I cannot agree.  Some people seem to be tying what they know, not what they see.
As pointed out above, the instruction of #2952, which is verbal only in "follow the
diagrams in rotation", referencing the contested images, is wrong:
the 1st & 2nd conflict; the 2nd makes a crossing knot.  The arrows are not ambiguous,
and require deliberate effort to have the arrows cross under the bight, which in BOTH
cases seems to be incorrect for the objective!

If Willeke's structure is what Ashley intended, then he should have shown the forming
of the one-way twist of ends within/between bight legs followed by the other-way
twist of bight legs between ends ("one-/other-"way = "S" & "Z" twist).  And that
is something fairly easy to both draw and describe, really!  (I am not here trying
to suggest that therefore Ashley intended otherwise, but just to remark that such
a structure can be simply illustrated verbally & graphically.)

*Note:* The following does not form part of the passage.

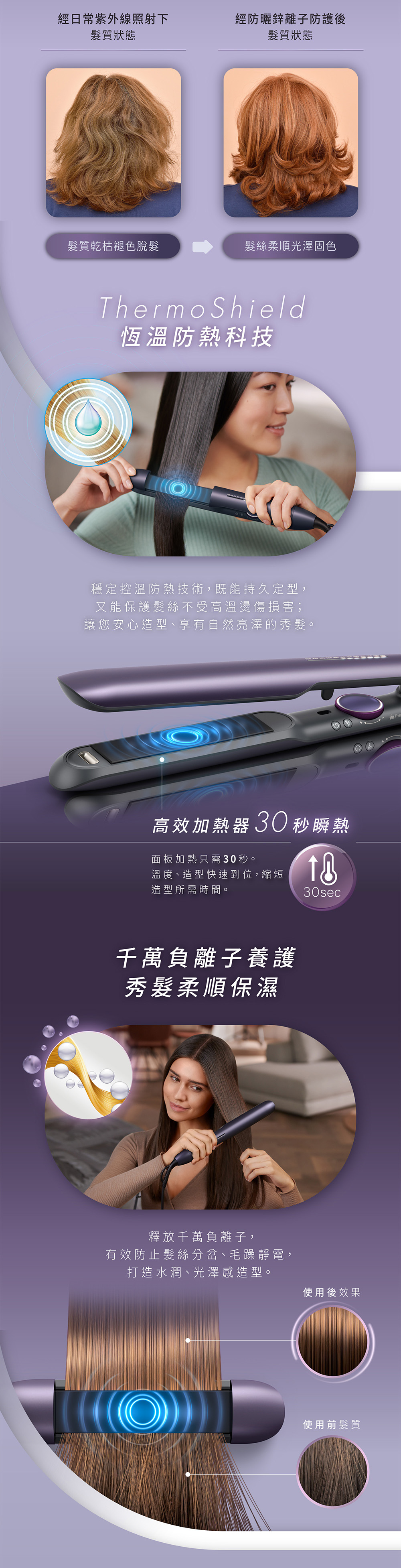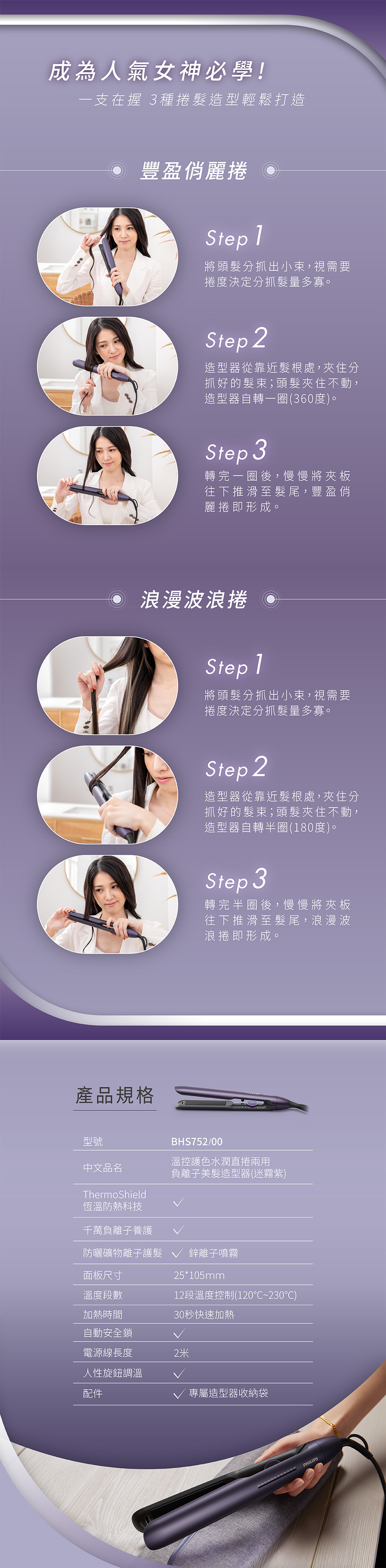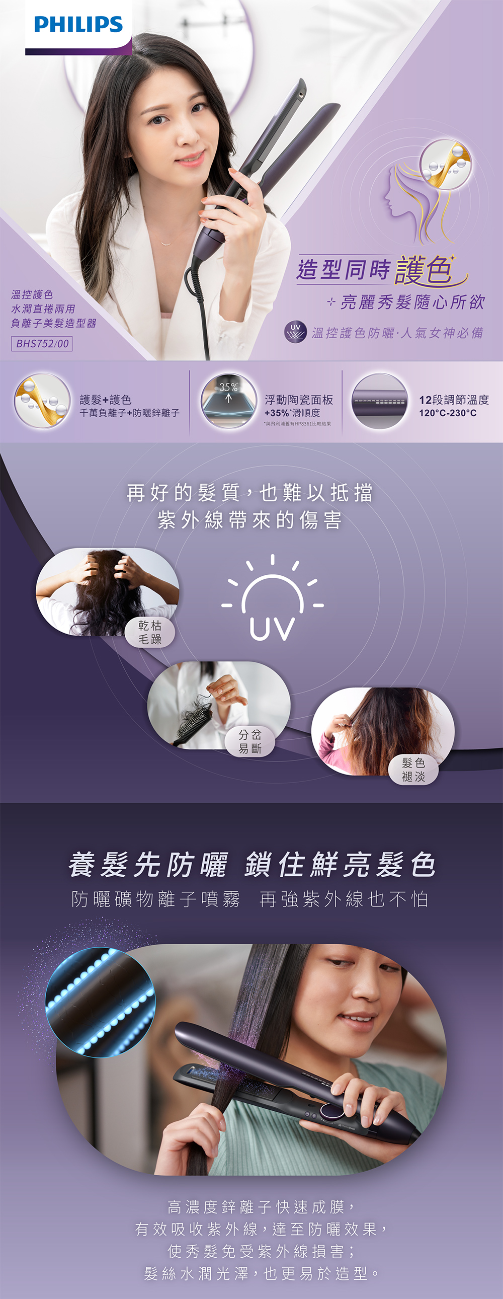 買就送胺基酸精華髮油【Philips 飛利浦】溫控護色水潤直捲兩用負離子美髮造型器 (BHS752)

Moreover, Willeke recommends twisting the bight (completely) as a first step, to which
then putting in the countertwists of the ends is easily understood & done.
I should remark that in tying this stucture w/o doing this, the twisting of the bight
results in counter-twists forming below where I am working, and ultimately will
become overwhelming, making the choice to reverse the respective twist in both
bight (done by torsion) and end so to finish!

So here we have yet another ERROR to include in ABOK, without doubt.